Wheat - Everyday I Said a Prayer For Kathy And Made A One Inch Square

Wheat, Everyday I Said A Prayer For Kathy

Review by Jack Foley

IndieLondon Rating: 4 out of 5

FORMED by two students at the University of Massachusetts Dartmouth – Scott Levesque (vocals, guitar) and Brendan Harney (drums) – Wheat was originally conceived as an art project.

They were quickly joined by Ricky Brennan (guitars, vocals) and put out their debut album Medeiros in 1998. It yielded an NME Single Of The Week in the form of Death Car as well as a bumper crop of superlatives from the press on both sides of the Atlantic.

Its follow-up, Hope & Adams was released in 2000 and saw the band shift up a gear, employing renowned producer Dave Fridmann to develop their ideas while remaining true to their original artistic intentions.

Critics duly responded by hailing Wheat as a truly great American indie rock band and in Don’t I Hold You – employed to great effect by Cameron Crowe in the movie Elizabethtown – they delivered one of the most simple but heartbreaking love songs of the year.

The band, meanwhile, toured extensively, building up an impressive reputation for both stretching out their songs and their charismatic stage presence – Levesque as frontman was coy but captivating, Harney as pearl-necklaced drummer an eccentric but hypnotic force behind the kit.

Wheat looked primed for the mainstream, albeit with unusually uncompromised success.

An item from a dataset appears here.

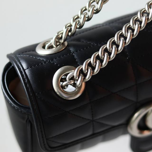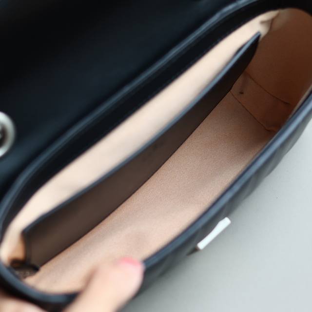 Gucci Marmont 经典&百搭 Gucci马蒙链条包经典尺寸: 16Cm 22Cm 26Cm 经典金扣双Glogo复古做旧五金波浪纹衔缝牛皮采用的是小牛

As so often happens, though, fate conspired against them and the band was advised to leave their European label in favour of another that, unbeknownst to them, was about to fold.

Mere days after the deal was signed news reached them that their album was now an asset of a company that had gone out of business.

Dense legal battles followed, and though the band emerged intact over a year later to sign with Aware / Sony, the record – the typically cryptically titled Per Second, Per Second, Per Second… Every Second – had not emerged so unscathed.

Instead it had been remixed and in places re-recorded, largely at the label’s behest, and was consequently rendered comparatively lifeless (although it still went on to sell 30,000 copies in the US). In the end it was never released outside of North America.

Brennan quit the band while Levesque and Harney retreated into a long silence, exhausted and disillusioned. Rumours that Wheat had broken up were not too far from the truth.

Fortunately, Levesque and Harney began talking again and reconvened in the summer of 2005 to try out new tracks just to see where the songs and ideas might lead.

The result is Everyday I Said a Prayer For Kathy And Made A One Inch Square, another smart US indie rock album that manages to appeal to mainstream sensibilities without compromising their arty tendencies.

Many of the tracks unfold with almost ambient tranquility, easing you into each listen. It suggests what might happen if a band like Sigur Ros merged with someone like Weezer and began churning out highly artistic but highly infectious hits.

Closeness is a classic case in point, an ethereal slow-builder that becomes ever more enchanting the more you listen to it.

But it’s nicely counter-balanced by the more accessible Move=move, with its central motif of “the things that you love should be set free”. The electronics lend it a quirky, slightly offbeat edge, but the chorus is supremely catchy, while the guitar work is first rate.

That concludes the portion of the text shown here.